[Solved] High latency and low CPU utilization after 2.1->2.1.3 upgrade


  • Last week, we upgraded from our 2.1 pfSense x64 installation to 2.1.3 x64.

    Everything seemed to be running normal, until I noticed pings were sometimes over 1000ms. Upon further investigation, the high ping times came whenever the firewall was being accessed, either through the GUI, or just regular internet usage.

    There were no hardware changes made. We have about 50 users, but there are usually between 5 and 20 concurrent users at any given time.

    We used to have fairly high CPU utilization on the dual-core Celeron U3300 2.5GHz (2GB RAM). Both the dashboard, and sysctl hw.ncpu are showing 2 cores, and top, Diagnostics->System Activity and the RRD graphs are showing nearly 100% idle time. See below for System Activity, and attachment for the RRD graph.

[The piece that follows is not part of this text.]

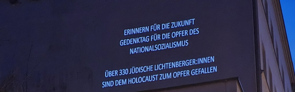 An die Giebelwand des Stadthauses werden über 300 Namen von aus Lichtenberg und Hohenschönhausen vertriebenen und ermordeten Jüdinnen und Juden projiziert. Sie werden bis in die Morgenstunden des 28. Januar 2026 zu lesen sein.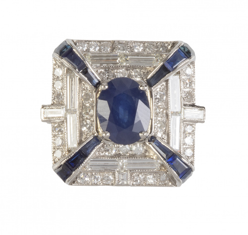 390. Sortija cuadrangular de zafiros y brillantes con zafiro oval central sobre marco cuadrado de brillantes y diamantes de talla baguette, con zafiros calibrados dispuestos en aspa

You'll see two outages, the first short one was for making a clonezilla image of 2.1, the next was the 2.1->2.1.3 upgrade.

    
    last pid: 67374;  load averages:  0.02,  0.01,  0.00  up 0+01:11:52    10:34:16
    256 processes: 3 running, 234 sleeping, 19 waiting
    
    Mem: 386M Active, 202M Inact, 236M Wired, 280K Cache, 211M Buf, 1132M Free
    Swap: 4096M Total, 4096M Free
    
      PID USERNAME PRI NICE   SIZE    RES STATE   C   TIME   WCPU COMMAND
       11 root     171 ki31     0K    32K RUN     1  69:53 100.00% [idle{idle: cpu1}]
       11 root     171 ki31     0K    32K CPU0    0  67:42 97.07% [idle{idle: cpu0}]
    

    I'm not sure if the ping times are directly related to the CPU utilization. I did reboot the switches and checked that both the interfaces are set to auto. They are both showing that they negotiated at 100baseTX (full duplex).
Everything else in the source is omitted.